Il devient alors possible de lui expliquer le déroulement de la consultation de colposcopie – un examen du col avec des jumelles éclairantes – et de la rassurer sur le caractère indolore de l’examen et même des biopsies si elles sont nécessaires. La colposcopie est un examen qui demande un certain temps. Il est bon de prévenir les patientes que cela ressemble à un frottis quant à la sensation mais que c’est plus long, et donc qu’il faut qu’elles se détendent. Pendant l’examen colposcopique et ses trois temps – sans préparation, après application d’acide acétique puis de Lugol -, il est indispensable « d’occuper » les patientes en leur parlant et de les rassurer sur ce qu’on voit et qu’elles peuvent parfois voir elles-mêmes si le colposcope est relié à un moniteur télé. Quand on dispose donc d’une caméra branchée sur le colposcope, on peut montrer aux femmes « en live » ce qu’on fait « en bas ». Elles découvrent ainsi leur col et sont souvent surprises des couleurs, des saignements éventuels, toujours inquiétants pour elles. On peut leur faire voir les changements de coloration liés aux applications d’acide acétique puis de Lugol, et expliquer où se situent les zones pathologiques. La plupart sont intéressées par cette vision d’une partie d’elles, partie toujours invisible voire méconnue : « Mais le col c’est où exactement ? On peut le toucher avec son doigt ? » Ce sont des questions souvent posées et tous les gynécologues ont eu l’expérience de patientes venant en consultation pour la découverte d’une « boule » dans le vagin, qui sont en fait dans le col.
Des biopsies sont éventuellement réalisées sur les zones pathologiques en faisant tousser la patiente à la fois pour faire descendre le col, permettant une meilleure préhension et aussi pour créer une autre sensation dans l’effort de toux, sensation en compétition avec l’inconfort de la biopsie. Le gynécologue utilise aussi le colposcope pour examiner la vulve et la région périanale, à la recherche de condylomes externes.
Souvent, la vision de leur vulve les dérange plus que celle de leur col : l’aspect des lèvres, la vue des poils sont choquants pour certaines ; elles trouvent que c’est « inesthétique ». Mais elles sont rassurées que nous voyions ce qu’elles ont senti avec leurs doigts et que nous puissions nommer ces lésions. D’autres femmes ressentent désagréablement l’examen, se sentant gênées que nous puissions les soupçonner de pratiques sexuelles « différentes ». Là encore, la parole du colposcopiste est fondamentale et il se doit d’être retenu mais explicatif.

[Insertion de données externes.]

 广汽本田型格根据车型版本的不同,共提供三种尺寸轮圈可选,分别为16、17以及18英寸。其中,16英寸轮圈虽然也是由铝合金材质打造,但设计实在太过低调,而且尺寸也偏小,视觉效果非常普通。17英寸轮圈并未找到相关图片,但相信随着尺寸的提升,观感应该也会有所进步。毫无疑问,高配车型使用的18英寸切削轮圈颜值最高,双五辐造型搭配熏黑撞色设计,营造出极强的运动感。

Après l’examen, un schéma colposcopique est réalisé, permettant au colposcopiste de commenter dans le même temps pour la patiente les anomalies repérées et de lui situer les lésions ainsi que la place des biopsies.
La question suivante porte alors inévitablement sur le traitement et les alternatives suivantes : traiter par destruction ou exérèse, ou attendre avec contrôle ultérieur en fonction des résultats des prélèvements.

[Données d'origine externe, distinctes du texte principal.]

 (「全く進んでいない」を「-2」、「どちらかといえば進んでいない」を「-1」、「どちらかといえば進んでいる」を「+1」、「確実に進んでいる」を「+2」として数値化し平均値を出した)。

Comment aborder la pathologie précancéreuse qu’est le HPV ?
À l’issue de cette mise au point, de nombreuses questions restent en suspens.
Le HPV est bien une infection sexuellement transmise, mais peu importe l’activité sexuelle ; la transmission se fait au tout début de la vie sexuelle, souvent avec le premier partenaire. Même si le nombre de partenaires sexuels est un facteur de risque supplémentaire pour la pathologie du col, il est de nombreuses femmes qui développent l’infection sans avoir multiplié les amants. Comme nous venons de le voir, l’infection à HPV est une maladie sexuellement transmise et cette transmission particulière génère bien des questions.